Conformément aux rumeurs, The Legend Of Zelda : Ocarina Of Time s’offrira un remake en fin d’année. En revanche, mis à part un simple aperçu de Link, on n’a pas vu grand chose. Plus d’informations plus tard.

Mais aussi…

  • Le prochain jeu vidéo Onimusha : Way Of The Sword sera également disponible sur Switch 2 à sa sortie le 25 septembre.
  • Dragon’s Dogma II s’offrira un portage sur Switch 2 le 9 octobre avec en bonus, son extension Dark Arisen très attendue.
  • Même chose pour Stellar Blade qui arrivera sur Switch 2 en fin d’année.
  • Idem pour Rayman Legends Retold, prévu pour le 1er octobre.

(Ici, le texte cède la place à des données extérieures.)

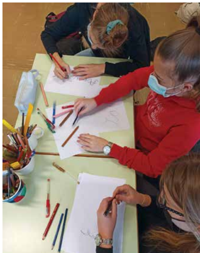
Devetošolke pri pisanju ...

Devetošolke se pri svojih zapisih vedno zelo potrudijo, zato so tudi njihovi zvezki vzorno urejeni. V Tednu pisanja z roko so se pri uri razširjenega programa Ustvarjalne roke poigravale z različno oblikovanimi črkami in z njimi

Pour l’anecdote, le jeu original était, fut un temps, exclusif à la Wii U.
  • Big Walk sortira le 4 août sur Switch 2 ; c’est un jeu d’exploration coopératif tout rigolo.
  • Le jeu d’action en monde ouvert Ninjala 2 : The Uncharted Planet sortira au printemps prochain en exclusivité sur Switch 2.
  • Nintendo propose des défis Donkey Kong à travers plusieurs jeux de la série. Des skins Mario et Luigi sont également proposés dans Bananza.
  • Jujutsu Kaisen Rumble : Survivation est un nouveau jeu dans la veine de Vampire Survivors. Il ajoute un mode duel plutôt intéressant. Prévu sur Switch 2 pour la fin d’année.
  • Lords Of The Fallen II se fraiera lui aussi un chemin sur Switch 2 cet automne.
  • L’édition Complète de Lies Of P sortira sur Switch 2 le 6 août au format numérique.
  • Devil May Cry 5 est également prévu sur Switch 2 dès le 23 juin. C’est bientôt.
  • En 2027, Muramasa passera lui aussi Switch 2.
  • Runscape Dragonwilds sortira sur Switch 2 le 15 septembre.
  • Le party-game Hello Kitty Party Land arrivera le 29 octobre sur Switch 1 et 2, juste avant Halloween donc.
  • Démo de Star Fox disponible.
  • Final Fantasy Resonance est le premier FF en 2D-HD. Prévu pour le 22 octobre sur Switch 1 et 2.
  • Le jeu d’aventure/puzzle Pikuniku 2 sortira l’an prochain sur Switch 2.
  • Nouveau trailer de Dragon Quest Monsters : Le Royaume de Boisflétri qui arrivera le 3 décembre.
  • Le 23 juillet, Nintendo sortira des Joycon bleu et jaune clair pour la Switch 2.
  • Deltarune Chapitre 5 sortira le 24 juin.
  • L’excellent Metaphor : ReFantazio sera porté sur Switch 2 le 12 novembre.
  • Une version Switch 2 de Minecraft arrivera plus tard dans l’année.